BEST MODES FOR CARRYING OUT THE INVENTION
1. Embodiment 1
[0068] FIG. 1 is an explanatory diagram showing the entire
structure of a wafer crack prevention device (substrate defect
repairing device) according to embodiment 1 of the present
invention. Embodiment 1 shows a wafer crack prevention device which
is mainly used for a repairing process for chipping. As shown in
FIG. 1, a disc-shaped Si wafer 1, housed in a wafer cassette 2
serving as a substrate housing unit, is used as a substrate to be
processed, and this may be mounted on a wafer positioning base 4 by
a wafer transporting arm 3.
[0069] FIG. 2 is an explanatory diagram showing the wafer
transporting arm 3 serving as transporting means in detail. As
shown in these figures, the wafer transporting arm is constituted
by a supporting portion 3a, a longitudinal extending unit 3b, first
and second rotation shafts 3c, 3d and first and second arm portions
3e, 3f.
[0070] The longitudinal extending unit 3b is provided on the
supporting portion 3a so as to be freely extended longitudinally,
and the height H1 of the second arm portion 3f is set to a height
of a Si wafer 1 and a height of a wafer positioning base 4 (not
shown) in a wafer cassette 2 by the extension and shrinkage of the
longitudinal extending unit 3b.
[0071] FIG. 3 is an explanatory diagram showing a rotation
mechanism of the wafer transporting arm 3. As shown in this figure,
a first rotation shaft 3c is provided on the longitudinal extending
unit 3b, and the first arm portion 3e is provided so as to make a
rotation R1 centered on the first rotation shaft 3c, and a second
rotation shaft 3d is attached to the tip of the first arm portion
3e, and the second arm portion 3f is provided so as to make a
rotation R2 centered on the second rotation shaft 3d.

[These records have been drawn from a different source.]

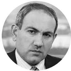
Նիկոլ Փաշինյան, «Ելք» դաշինքի ղեկավար

Հարցման արդյունքում ստացված միակ պատասխանը՝ «զինծառայության» օրենքին դեմ քվեարկած միակ խմբակցության՝ «Ելք»-ի ղեկավար Նիկոլ Փաշինյանից, առանց խմբագրման ներկայացնում ենք ստորև:
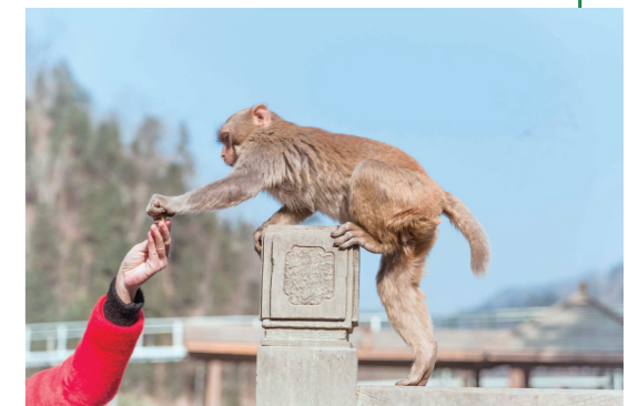
和念情谷里的猕猴互动,是东沟村游玩的特色项目。

在杜鹃岭,沿着2000余米长的环山步道一路向上,你可以登上郁郁葱葱的山顶,欣赏火红的杜鹃花在青山绿树之间热烈、绚丽的盛开美景。每朵花都空灵而细腻,如诗如画,美不胜收。
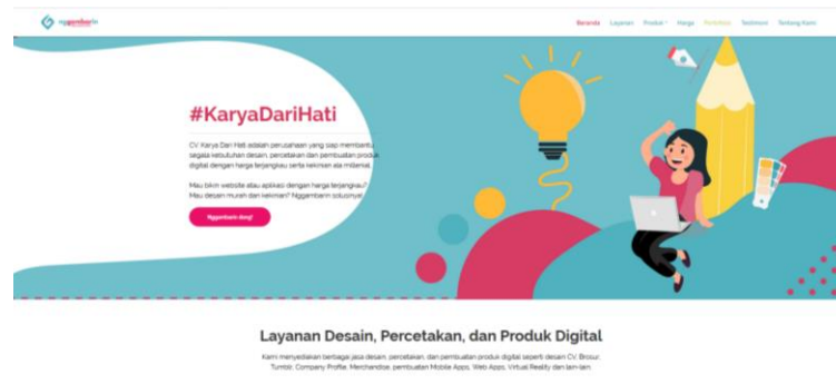
Gambar II.3 Website Nggambarin
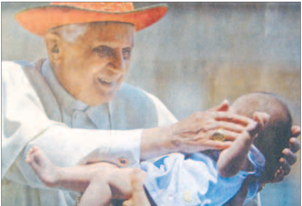
Pápež Benedikt XVI. na audiencii 18. 6. 2008 prijíma a požehnáva novorodené dieťa.
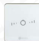
Zonenregler Lite AZCE6LITERB/CB
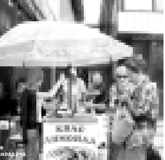
Мында да хар ким кеси жагъады. Терки ийикъе сайлайды.
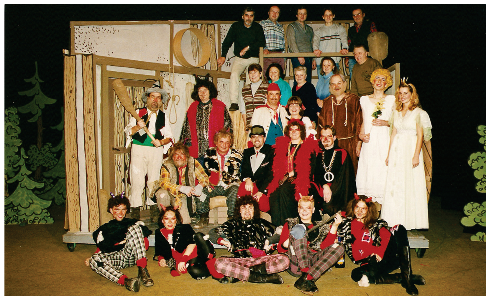
2000 - J. Drda: Hrátky s čertem
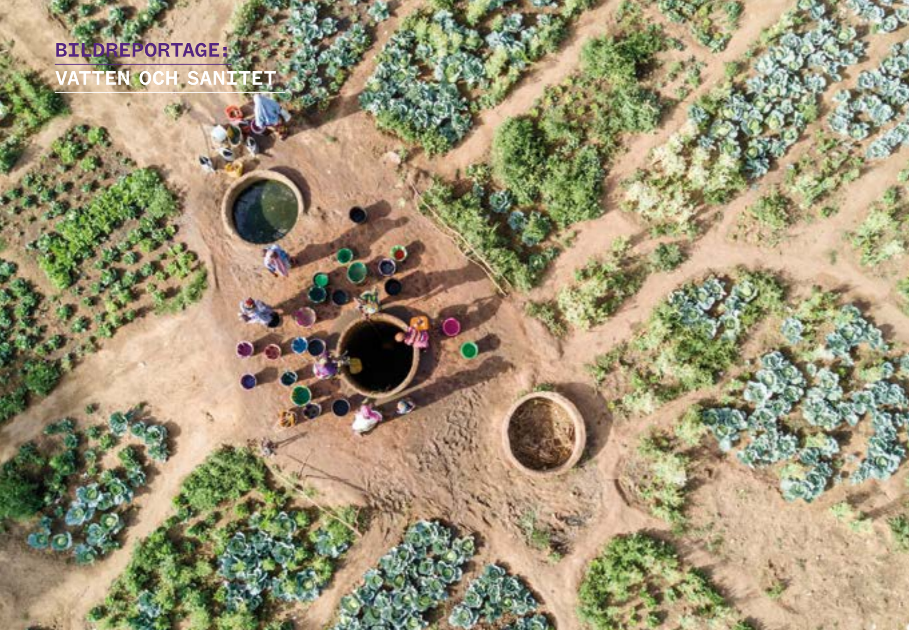
NIGER. Klimatförändringarnas extremväder i form av bland annat torka, drabbar samhällen hårt. Brunnen som kan ge vatten till odling är därför en förutsättning för matförsörjning för många.
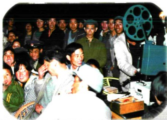
学校电影队到实习点慰问实习生， 并组织电影晚会的场面。
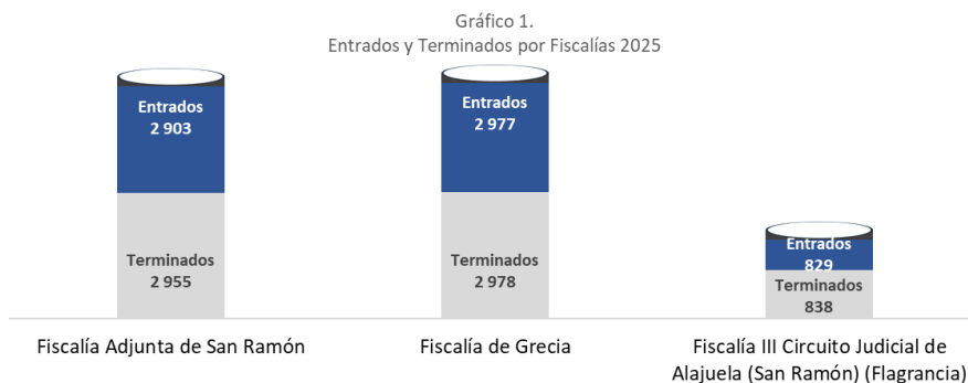
Gráfico 1 Ministerio Público- Fiscalías Territoriales Fiscalía Adjunta de San Ramón Casos entrados y terminados Periodo 2025
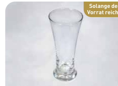
Eisshake Art.-Nr. 36 071 Größe: H 18 cm, Ø 8 cm VE: 12 Stück à 330 ml Preis: € 23,00
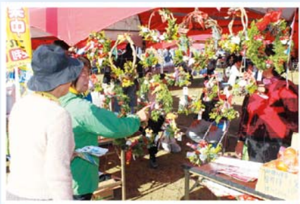
女性部の販売コーナー

また、前日の22日には地元の農産物品評会を開催しました。36名の生産者が108品の農産物を出品、市・J A担当者が審査し、当日の式典で表彰式を行い、即売会でセリに掛けられ、来場者に販売しました。
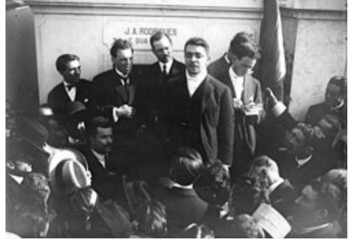
Cunha Leal discursando no funeral de António Granjo, o chefe do governo assassinado na chamada “Noite Sangrenta” (Câmara Municipal de Lisboa. Arquivo Fotográfico)

A pouco mais de dois anos do golpe de 28 de Maio de 1926, começava a desenhar-se aqui a “solução” ditatorial que havia de derrubar a República. Com a queda do Governo em que participou, Cunha Leal tornou-se ele próprio um arauto dessa alternativa insurreccional que, a partir desta data, ganhava corpo. Em 17 de Dezembro, numa conferência na Sociedade de Geografia de Lisboa e na presença de mais de 500 oficiais do Exército (entre eles o próprio general Carmona, futuro chefe da Ditadura Militar), Cunha Leal, defensor de uma solução constitucional e civilista, alertava para o rumo mais que previsível (e inevitável?) do país: “As ditaduras hão-de vir, quer queiram quer não, pela força inevitável dos acontecimentos”
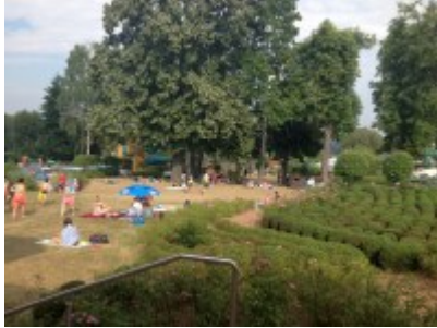
Blick vom Eingang

Wer aber nur ein Eis will (braucht ja keine Zubereitungszeit), kann ohne Wartezeit am benachbarten Ausgabefenster bestellen und erhält seine Bestellung sofort.
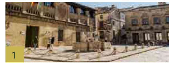
1 Plaza del Pópulo o de los Leones Es uno de los espacios públicos más importantes y simbólicos de la Baeza recién conquistada.

Baeza's natural landscape is another one of its great assets, with sites including the city's olive groves, whose gentle slopes roll off into the distance, or the Laguna Grande, an 19th-century artificial wetland and nature reserve, home to native and migratory bird species. The Museum of Olive Culture also allows visitors to learn more about olive farming traditions and sample different olive oils. Thanks to its strategic location, you can also visit the Cazorla, Segura and Las Villas Nature Reserve in the same day.
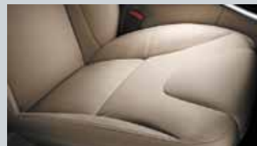
Assise et dossier des sièges en Cuir (9)
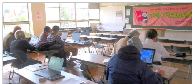
スマホ・パソコンお助け隊の活動(あすぴあ会議室)
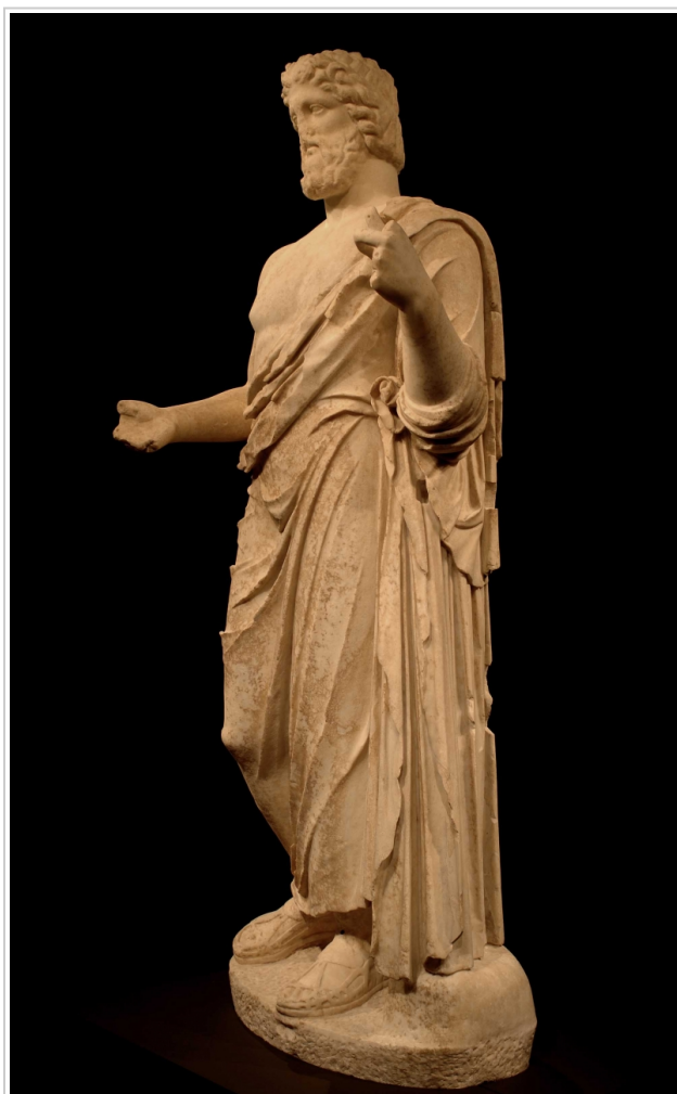
Empúries, MAC-E 2036 MAC-EMPÚRIES
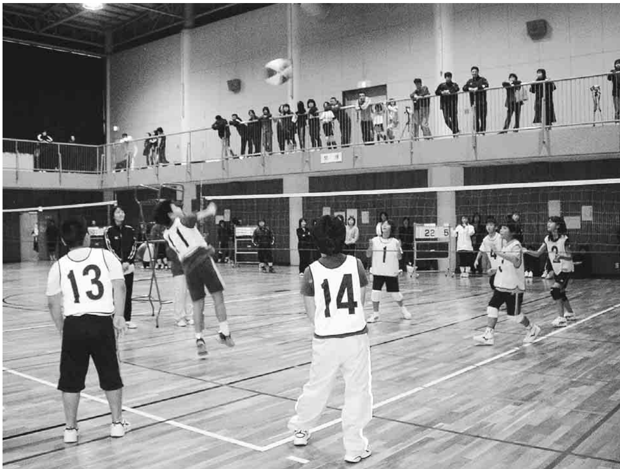
▲気軽に、楽しくでき、企画運営できるクラブをともに設立しませんか
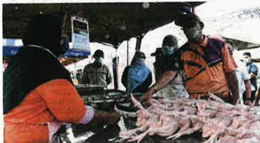
Izhah melawat gerai ayam selepas sidang media khas Jualan Prihatin Rakyat Mega sempena Aidilfitri di Pasar Tani Seksyen 13, Shah Alam, semalam.

"Pihak PKPS juga sudah mendapatkan satu syarikat yang berpengalaman dalam penanaman jagung untuk makanan ayam.
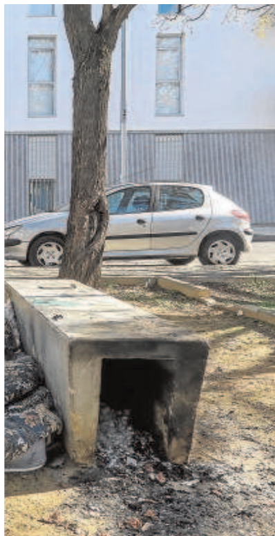
millones // R. DOBLADO
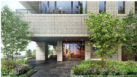
エントランス完成予想図
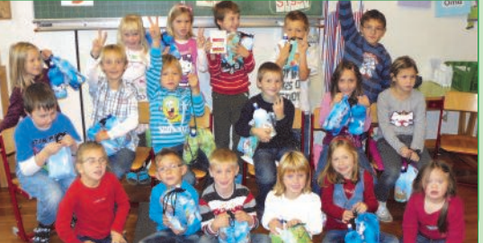
Die Kinder sind voller Begeisterung dabei und freuen sich über das Jausenset - Ein aktiver Beitrag zur Abfallvermeidung!

[0072] The wafer transporting arm 3 having such a structure takes a
plurality of Si wafers 1 from a wafer cassette 2 that houses these
wafers by utilizing the extending mechanism of the longitudinal
extending unit 3b and the rotation mechanisms of the first arm
portions 3e, 3f, and these are transported and mounted (loading) on
the wafer positioning base 4 with high precision; thus, it is
capable of carrying out the first transporting process. Moreover,
the wafer transporting arm 3 removes the Si wafer 1 mounted on the
wafer positioning base 4, and transports and returns it to the
wafer cassette 2; thus, it is also capable of carrying out the
second transporting process.
[0073] In other words, the wafer transporting arm 3 carries out the
first and second transporting processes so that the Si wafer 1 is
automatically mounted onto the wafer positioning base 4 and also
removed from the wafer positioning base 4.
[0074] As shown in the aforementioned FIG. 1, the wafer positioning
base 4, which serves as a substrate bearing means, can rotate in
the rotation direction of R3 centered on the center portion of the
Si wafer 1 mounted thereon, under the control of a personal
computer 9. Here, the rotation of the wafer positioning base 4 is
carried out under the control of the personal computer 9.
[0075] A position detection sensor 5 obtains an image signal
derived from the entire image of the Si wafer 1 as information for
defect detection, and gives this signal to the personal computer 9.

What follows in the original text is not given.